If you listen carefully to that recording it is highly unlikely that it was staged considering the bang to his head.



RonanC said:


> please dont laugh
> 
> http://www.rte.ie/player/#v=1063767





RMCF said:


> Hard not to laugh.



I fell the other day in the middle of the road despite the appropriate footwear. Luckily enough no cars around because over the past few days have seen many a car unable to stop. Couldn't get up for a few minutes because of previous damage to back and was sore for a few days. So to anyone out there who considers laughing don't forget it could be your turn tomorrow


----------



## Complainer (9 Jan 2010)

I don't think it was staged, but I do reckon that they 'staked out' a likely spot (possibly having seen others fall there) until they got good footage. Footwear wasn't necessarily his problem, lots of runners have good ridged soles with good grip. He was just walking too fast for the conditions. His other problem was that he had one hand carrying the bag, which meant it wasn't available to give support or break his fall. It could have been quite serious if he had smacked his head on the wall or the ground.

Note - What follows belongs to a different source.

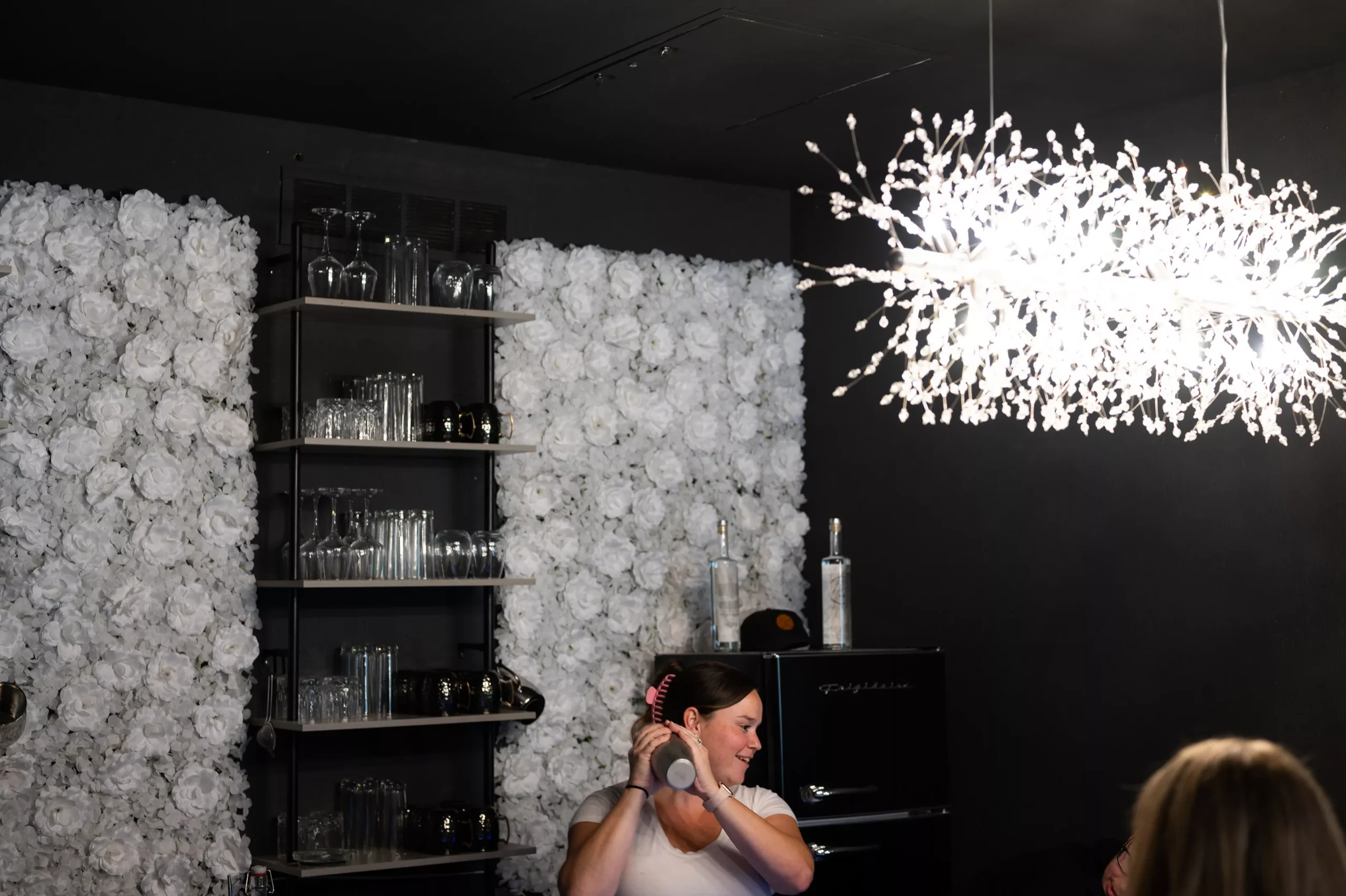 “It’s going to be a really premium product because I can’t put it on my shelf if it’s not a good product,” she explains. “But it’s even more about the atmosphere. It’s going to be speakeasy-style, so we have dark walls, dark ceilings, crystal chandeliers coming down, some really cool egg-shaped chairs, marble look on the counters and tabletops, with all ‘40s and ‘50s music.”

I fell in Dublin city centre yesterday, despite walking quite carefully. It was treacherous around Trinity and Pearse St. As usual in our car centric society, pedestrians are an afterthought, and gritting of pavements was forgotten about for the first week.


----------



## MandaC (9 Jan 2010)

He was walking a bit fast allright.

Maybe I am just getting old, but I did not see anything funny in that poor lad smashing his head off the pavement.  Did you not hear the bang?  Poor thing.  He was lucky. Could have been a lot worse for him.


----------



## Teatime (9 Jan 2010)

papervalue said:


> no matter what footwear you had on this week, anyone could have slipped.


 
Yeah you'll slip in any shoes/boots - unless you're wearing crampons perhaps!

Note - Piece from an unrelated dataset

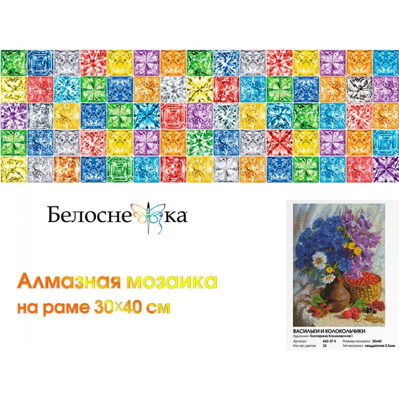 Блестящая картина из квадратных камней 2,5*2,5 мм. в размере 30*40 см. Основа картины – холст, натянутый на подрамник, для придания крепости конструкции подрамник усилен листом оргалита. На холст нанесена цветная схема с контрастными условными обозначениями, схему покрывает высококачественный клеевой слой, сверху слой закрыт пленкой. Комплект квадратных камней расфасован по цветам в отдельные пакеты, на каждом пакете есть наклейка с номером цвета и условным обозначением. Материал камней – композитный, на основе эпоксидной смолы, благодаря форме камней картина собирается без зазоров и по готовности получается красивое мерцающее изображение. Для этого размера дополнительно можно приобрести багетную раму.

Some of the footpaths are deadly.


----------



## lou2 (10 Jan 2010)

Ah Lads...how can anyone think that was funny. The fella smacked his head off the pavement...where's the comedy in that? I'm no prude but seriously??? I watched that on the news yesterday evening and I kept thinking bout that poor guy all evening!! Glad to know he wasn't injured!


----------



## Brendan Burgess (10 Jan 2010)

Sue Ellen said:


> If you listen carefully to that recording it is highly unlikely that it was staged considering the bang to his head.



Hi Sue Ellen

Probably a stunt man with sound effects.


----------



## liaconn (10 Jan 2010)

Even if he didn't hurt himself (thankfully) imagine the mortification of having that go out on the news. That would be nearly as bad as a sprained ankle or cut knees.

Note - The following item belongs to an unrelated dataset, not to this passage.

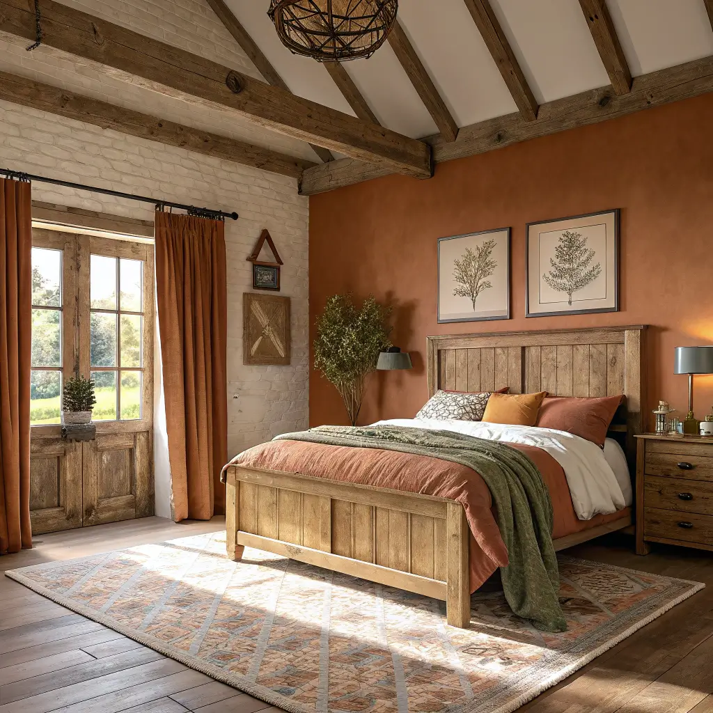 4. Warm Earth-Tone Rustic Bedroom

I've seen some girls around town in absolutely mad footwear for this weather. High heels, pumps, canvas sneakers.


----------



## haminka1 (10 Jan 2010)

well, this guy had sneakers on and was walking like his backside was on fire ... no wonder he slipped and fell, i just hoped he did not break his arm when i saw it in the news because he fell rather hard on it ..
saw a girl in thin pumps yesterday, how utterly idiotic is that! these shoes /if you can call them that/ have the flattest and smoothest sole possible ..
actually, i hardly ever saw proper winter footwear in Ireland, you can get some decent winter shoes in outdoor shops but that's it ... even most boots you can get here have a very smooth and hard sole ...


----------



## Sue Ellen (10 Jan 2010)

Brendan said:


> Hi Sue Ellen
> 
> Probably a stunt man with sound effects.



He's on youtube and they've started a fan club on Facebook.


----------



## Complainer (10 Jan 2010)

Sue Ellen said:


> He's on youtube and they've started a fan club on Facebook.


Ah go on - gis a link (or two)?


----------



## MandaC (10 Jan 2010)

This facebook page has 23,000 fans

http://www.facebook.com/posted.php?...fell-over-on-the-RTE-news/417652205397?v=wall

I also think the real guy has surfaced and put it on his page that it was him on the news....


----------



## MANTO (11 Jan 2010)

I'm not going to Lie... i found it very funny - there is something within our Nature thats makes us laugh as stuff like this (once the person is not seriously injured).

I emailed the link around in work and i can hear giggles all round


----------



## Sue Ellen (11 Jan 2010)

MANTO said:


> I emailed the link around in work and i can hear giggles all round



I can't understand why anyone would find humour in another person hurting themselves


----------



## gipimann (11 Jan 2010)

It's like watching those home video TV programmes where a child falls off a bike, runs into a door, or whatever.....I cringe whenever I'm unlucky enough to see one of those programmes (just as I did when I saw RTE News man).


----------



## AgathaC (12 Jan 2010)

gipimann said:


> it's like watching those home video tv programmes where a child falls off a bike, runs into a door, or whatever.....i cringe whenever i'm unlucky enough to see one of those programmes (just as i did when i saw rte news man).


 +1.


----------



## ali (12 Jan 2010)

gipimann said:


> It's like watching those home video TV programmes where a child falls off a bike, runs into a door, or whatever.....I cringe whenever I'm unlucky enough to see one of those programmes (just as I did when I saw RTE News man).


 
I totally agree. I do not understand why people think a child hurting themselves is humourous. And sometimes I think the person filming is reckless or occasionally prosecutable! (is that a word?)


----------